The answer must consist solely of the lines from the start of the records through the line containing "중화 사대주의에 의해", restated word for word, with no pictures.

Start of Provided material

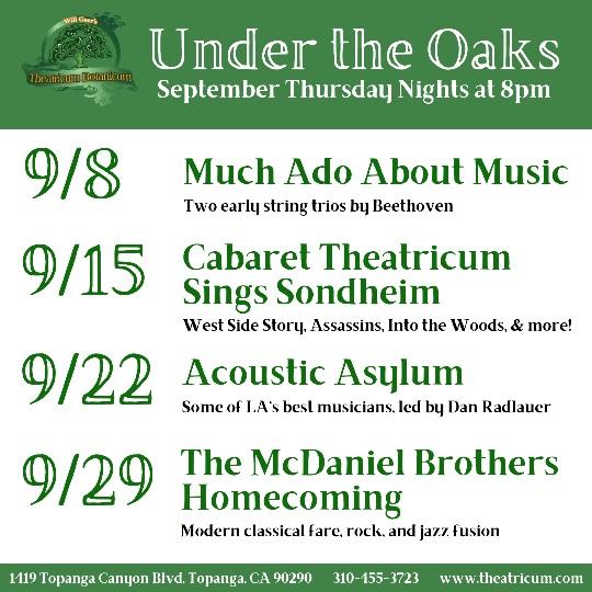 Theatricum Botanicum’s “Under the Oaks” salon series, offers four evenings in September of performance and song on the company’s spectacular outdoor stage in Topanga. First Up… the Classical Music Concert: “Much Ado About Music” presenting two early string trios by Beethoven. Enchanting!
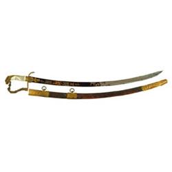 FINE EARLY 19TH CENTURY MILITIA SWORD. 30" single fuller blade with gold and blue etched panels on both sides. The eagle head hilt also has American eagle with shield languettes. The leather scabbard has gilt brass mounts all decorated with American eagles carrying banners with "E PLURIBUS UNUM". The throat has nineteen 6-pointed stars below the eagle and seven above. The center one has seven above and two below. The lower one has no stars but it has a sunburst with the letters "cTo" above the banner. CONDITION: The blade is bright with scattered spots of light surface rust. The gilt is strong on the eagle head but fading on the quillion and guard. About 60% of the gilt remains on the scabbard mounts. The scabbard is flaked and the mounts are loose, but it is not cracked or broken. It appears to be shrunk slightly as it is about 3/4" too short. The carved bone grip is fine. 9-99081 FS495
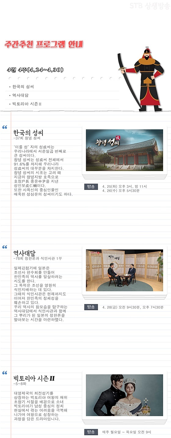 중화 사대주의에 의해 왜곡 날조된 한국사와 일제 식민주의에 의해 뿌리째 말살된 우리 대한의 역사와 문화를 되찾아 진정한 광복을 이루는데 앞장서는 증산도 STB상생방송 2023년 4월 4주차 주간 추천 프로그램은 《한국의 성씨》 <37회 창녕 성씨>, 《역사대담》 <78회 정한론과 식민사관 1부>, 《빅토리아 시즌2》 <5~8화>입니다.
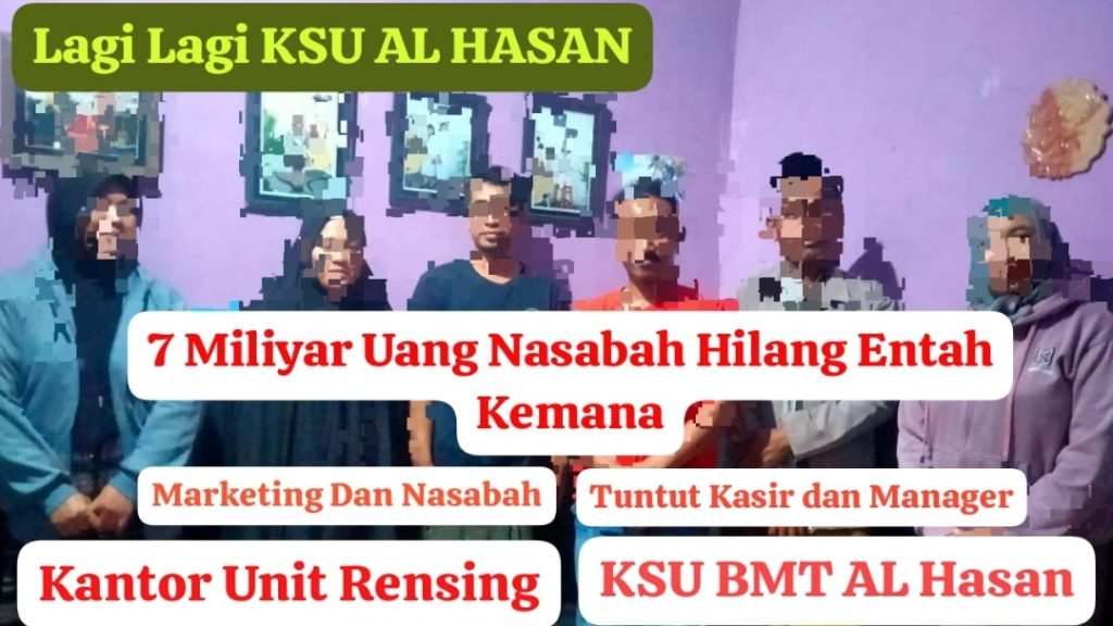 Beberapa marketing yang ada di Unit pelayanan Rensing,bersama seluruh nasabah di bawah binaan mereka menuntut KASIR (Ratna) juga Manager (Hamidah) untuk segera mencairkan Milyaran uang tabungan yang mereka kelola selama ini.Seperti yang kami ketahui bahwa pengelolaan keuangan selama ini dikelola oleh Kasir juga Manager dan rekening yang digunakan juga menggunakan rekening pribadi,ini parah sekelas Lembaga besar KSU BMT AL Hasan dengan jumlah aset serta pengelolaan keuangan puluhan Milyar kok bisa tidak punya Rekening Lembaga , atau jangan jangan ini sudah direncanakan jauh jauh hari niat jahat mereka untuk menyalahgunakan dan menyelewengkan bahkan mengkorupsikan uang tabungan para nasabah,”terang salah satu marketing unit rensing DA(Samaran)
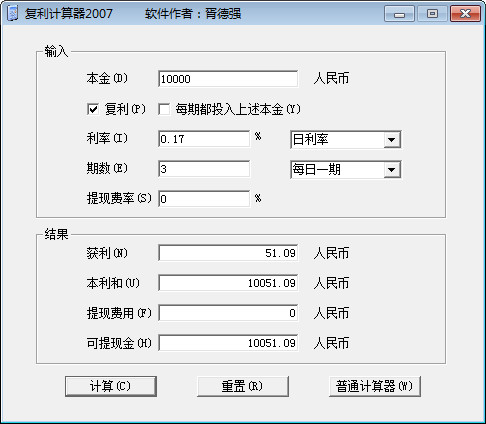 复利计算器是理财达人必备的工具,可根据本金、利率、期数、提现费率来快速计算出获利和本利和及可提现金数。复利是什么?复利就是指你的本金+利息也能得到利息。正常的利息只是表示你的本金能得到利息。比如同样是投资10万,你能找到一份年回报30%的投资,不按复利计算30年后将变成100万。如果你能找到一份年回报30%的投资,按复利计算30年后将变成26200万。
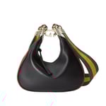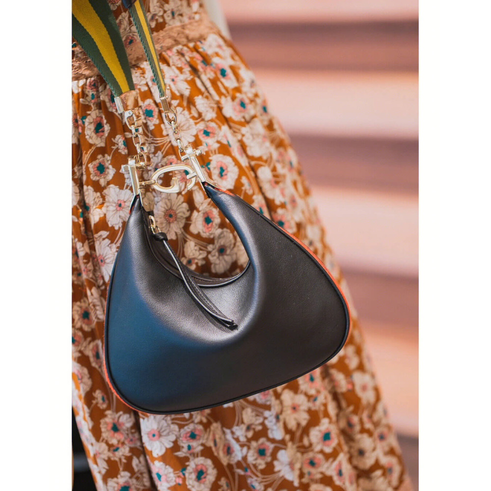 An ode to the timeless Hollywood glamour that shaped Gucci Love Parade, classic elements from the House’s archives are reintroduced. Distinguished by its crescent moon shape, the accessory is further defined by a G shaped hook closure. Paired with soft materials, the heritage hardware creates a refined design with vintage appeal. This small version is crafted in black leather with orange and black Web trim.
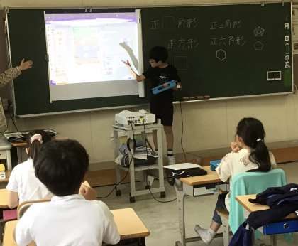 簡単な仕組みを聞いた後、正方形を描くプログラムを作りました。その後、三角形や長方形の描き方を考えました。一人でじっくり考えたり、友達と相談したりしながら、新しいプログラムを考えていました。
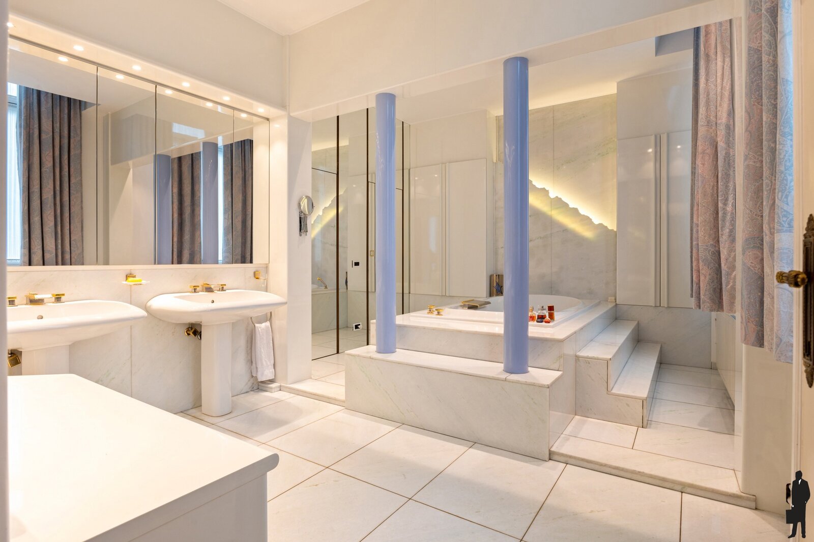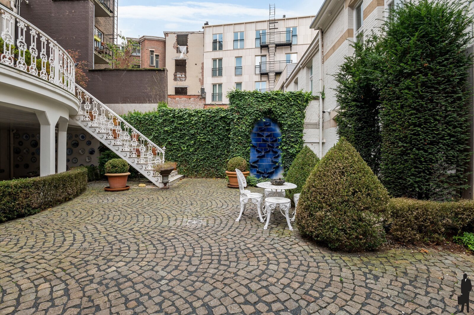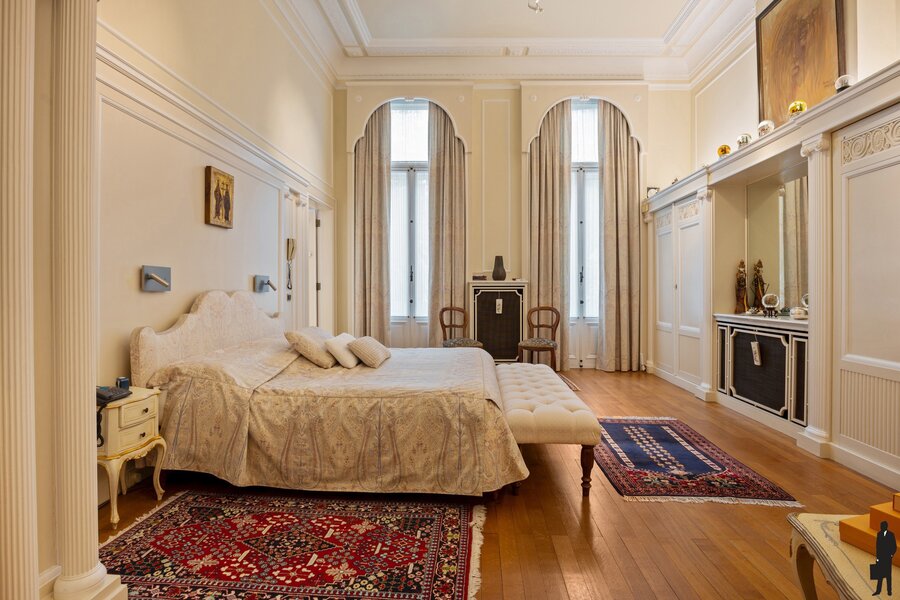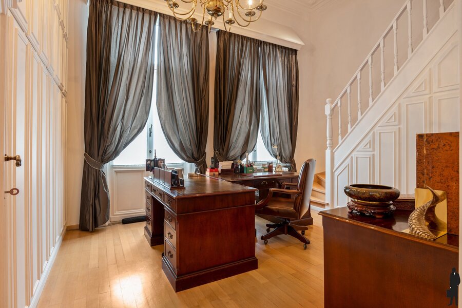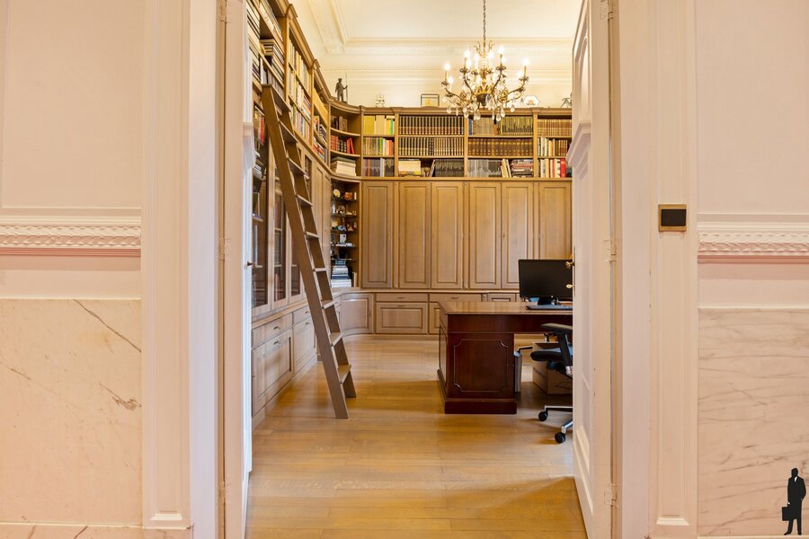 1e verdieping: een zeer ruime overloop met zicht op de prachtige vide, een eerste buereauruimte op parket met parket met authentieke maatkasten, een schitterende werkkamer/bibliotheek met ingebouwde boekenkasten. Aan de voorzijde van dit verdiep bevindt zich de royale masterbedroom met eigen dressing en ensuite luxebadkamer met twee wastafels, erg groot bad, douche, toilet, etc..
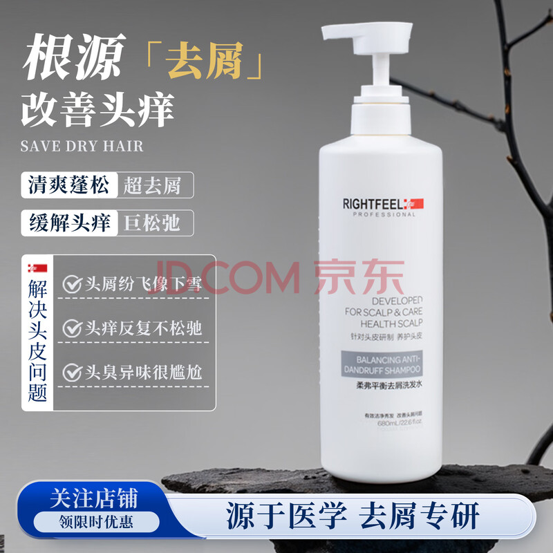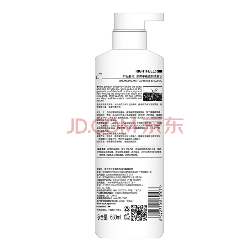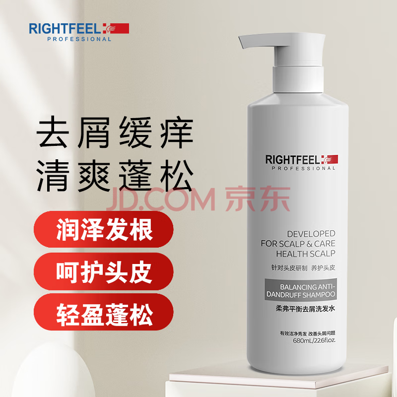 商品相册:柔弗(RIGHTFEEL)平衡去屑洗发水680ml祛屑缓痒清爽蓬松持久留香清香型洗发露第
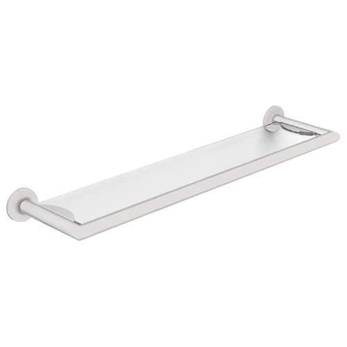 Mensola in acciaio inox AISI304 della serie PLAZA con lastra in ventro satinato. Linea moderna di tendenza minimalista. E' dotata di un doppio sistema di fissaggio che assicura che gli accessori rimangano saldamente fissati al muro.
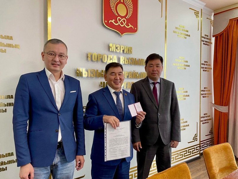 Заместитель мэра по правовым вопросам и профилактике правонарушений Монге-Назын Могедир удостоен звания Почётный донор Российской Федерации. Главный врач ГБУЗ РТ «Станция переливания крови» Аяс Ондар торжественно поздравил и вручил подтверждающие знак и удостоверение:
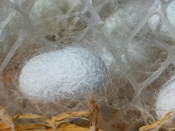 進入蠶房,一股熱氣撲來,這里面的溫度是22攝氏度,在這個溫度下,蠶28天左右就可以結繭,再向蠶房里面走,很多類似“上下鋪”的蠶床,這是蠶寶吃飯、睡覺、結繭的場所,蠶床上面的綠色葉子便是桑葉,是它們的食物,在蠶床兩邊黃色網(wǎng)格上堆放的白色橢圓體,這就是蠶繭,仔細聽還會聽見蠶啃食桑葉發(fā)出“沙沙”的聲響。
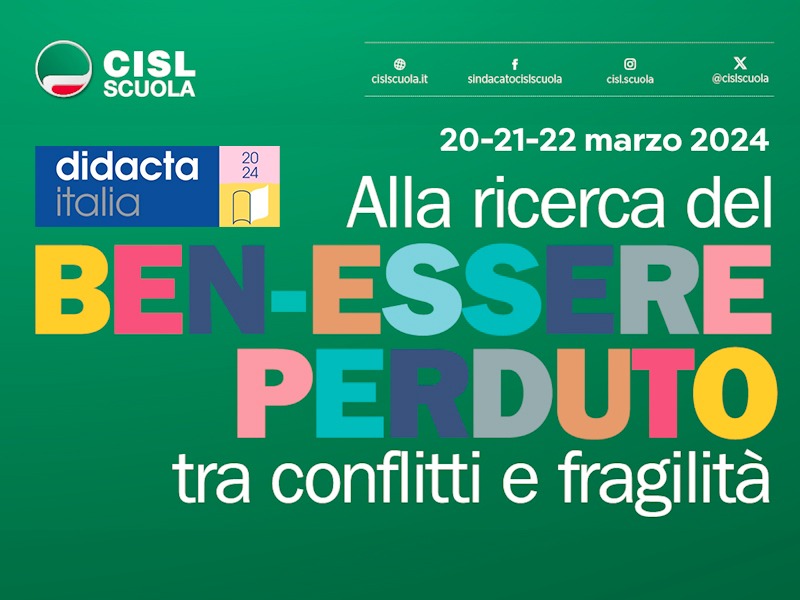 «Con la partecipazione a Didacta Italia 2024– spiega la segretaria generale Ivana Barbacci –la CISL Scuola si propone di richiamare l’attenzione sulla necessità, sempre più avvertita, di promuovere una condizione di ben-essere in tutte le scuole, attraversate da un disagio palpabile, avvertito dal personale e vissuto dagli stessi studenti; un ben-essere che rappresenta una premessa indispensabile per il migliore esito dei percorsi educativi e di istruzione».

End of Provided material

- **Finished task**
 Theatricum Botanicum’s “Under the Oaks” salon series, offers four evenings in September of performance and song on the company’s spectacular outdoor stage in Topanga. First Up… the Classical Music Concert: “Much Ado About Music” presenting two early string trios by Beethoven. Enchanting!
 FINE EARLY 19TH CENTURY MILITIA SWORD. 30" single fuller blade with gold and blue etched panels on both sides. The eagle head hilt also has American eagle with shield languettes. The leather scabbard has gilt brass mounts all decorated with American eagles carrying banners with "E PLURIBUS UNUM". The throat has nineteen 6-pointed stars below the eagle and seven above. The center one has seven above and two below. The lower one has no stars but it has a sunburst with the letters "cTo" above the banner. CONDITION: The blade is bright with scattered spots of light surface rust. The gilt is strong on the eagle head but fading on the quillion and guard. About 60% of the gilt remains on the scabbard mounts. The scabbard is flaked and the mounts are loose, but it is not cracked or broken. It appears to be shrunk slightly as it is about 3/4" too short. The carved bone grip is fine. 9-99081 FS495
 중화 사대주의에 의해 왜곡 날조된 한국사와 일제 식민주의에 의해 뿌리째 말살된 우리 대한의 역사와 문화를 되찾아 진정한 광복을 이루는데 앞장서는 증산도 STB상생방송 2023년 4월 4주차 주간 추천 프로그램은 《한국의 성씨》 <37회 창녕 성씨>, 《역사대담》 <78회 정한론과 식민사관 1부>, 《빅토리아 시즌2》 <5~8화>입니다.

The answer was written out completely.